(Assigned task)
Print exactly the lines that run from the opening line of the material through the line with "GENESIS Xenon 770", and nothing else, leaving out pictures.

(Given information)
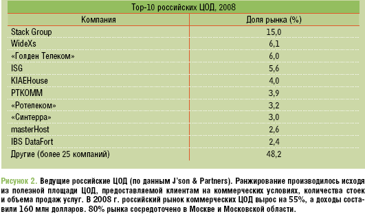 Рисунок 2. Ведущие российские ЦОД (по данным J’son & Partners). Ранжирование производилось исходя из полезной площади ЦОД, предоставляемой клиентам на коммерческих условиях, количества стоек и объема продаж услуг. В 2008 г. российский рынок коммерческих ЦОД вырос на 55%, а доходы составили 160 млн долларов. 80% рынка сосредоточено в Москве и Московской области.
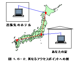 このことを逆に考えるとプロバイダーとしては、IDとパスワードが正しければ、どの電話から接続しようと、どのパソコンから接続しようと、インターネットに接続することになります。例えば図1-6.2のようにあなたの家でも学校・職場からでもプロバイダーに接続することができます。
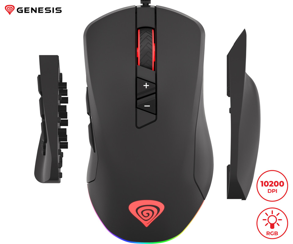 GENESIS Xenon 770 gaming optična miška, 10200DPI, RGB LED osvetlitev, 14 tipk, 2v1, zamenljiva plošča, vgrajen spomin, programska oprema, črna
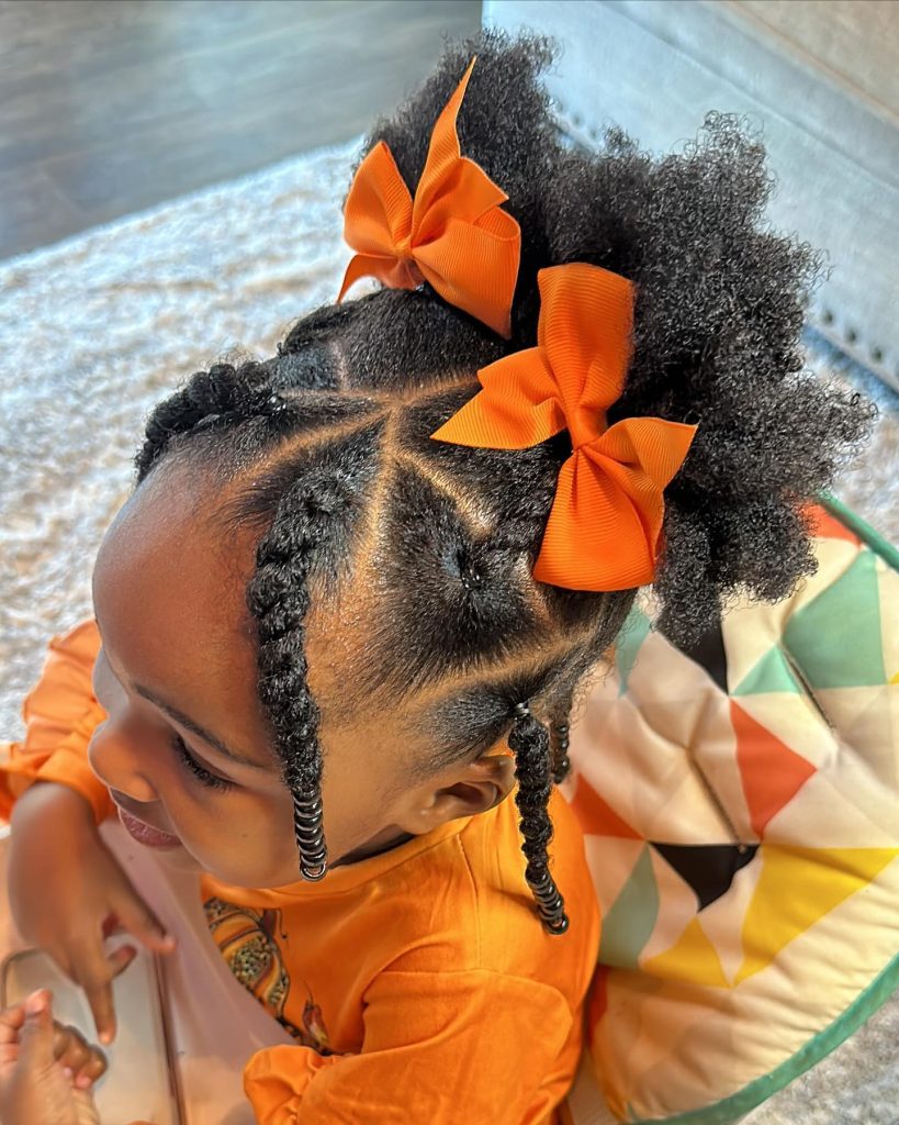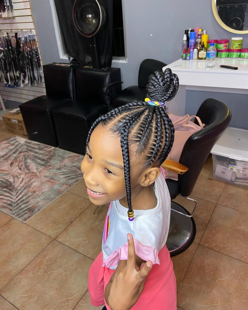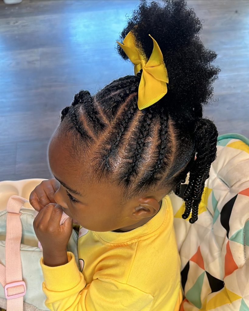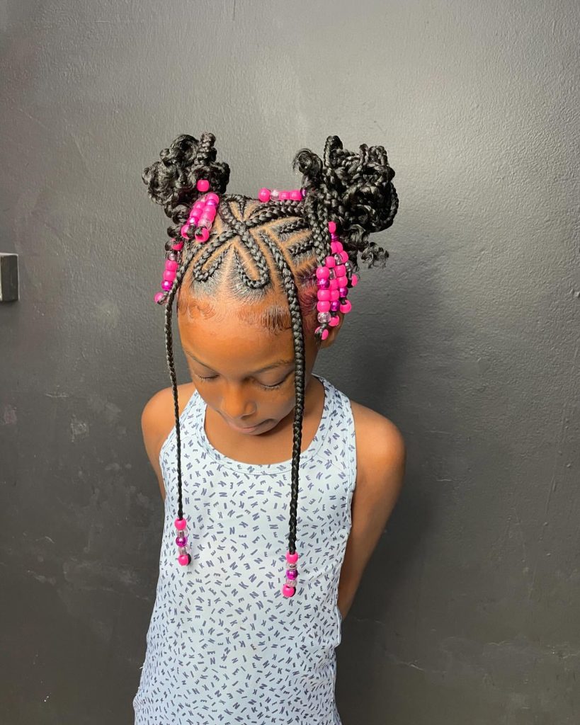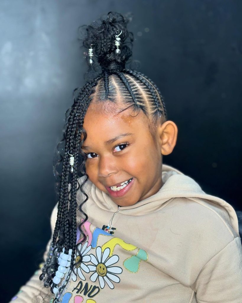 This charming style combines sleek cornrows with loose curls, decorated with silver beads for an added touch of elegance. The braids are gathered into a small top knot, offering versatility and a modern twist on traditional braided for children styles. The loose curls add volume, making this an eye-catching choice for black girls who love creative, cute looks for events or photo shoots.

(Response to this exercise)
 Рисунок 2. Ведущие российские ЦОД (по данным J’son & Partners). Ранжирование производилось исходя из полезной площади ЦОД, предоставляемой клиентам на коммерческих условиях, количества стоек и объема продаж услуг. В 2008 г. российский рынок коммерческих ЦОД вырос на 55%, а доходы составили 160 млн долларов. 80% рынка сосредоточено в Москве и Московской области.
 このことを逆に考えるとプロバイダーとしては、IDとパスワードが正しければ、どの電話から接続しようと、どのパソコンから接続しようと、インターネットに接続することになります。例えば図1-6.2のようにあなたの家でも学校・職場からでもプロバイダーに接続することができます。
 GENESIS Xenon 770 gaming optična miška, 10200DPI, RGB LED osvetlitev, 14 tipk, 2v1, zamenljiva plošča, vgrajen spomin, programska oprema, črna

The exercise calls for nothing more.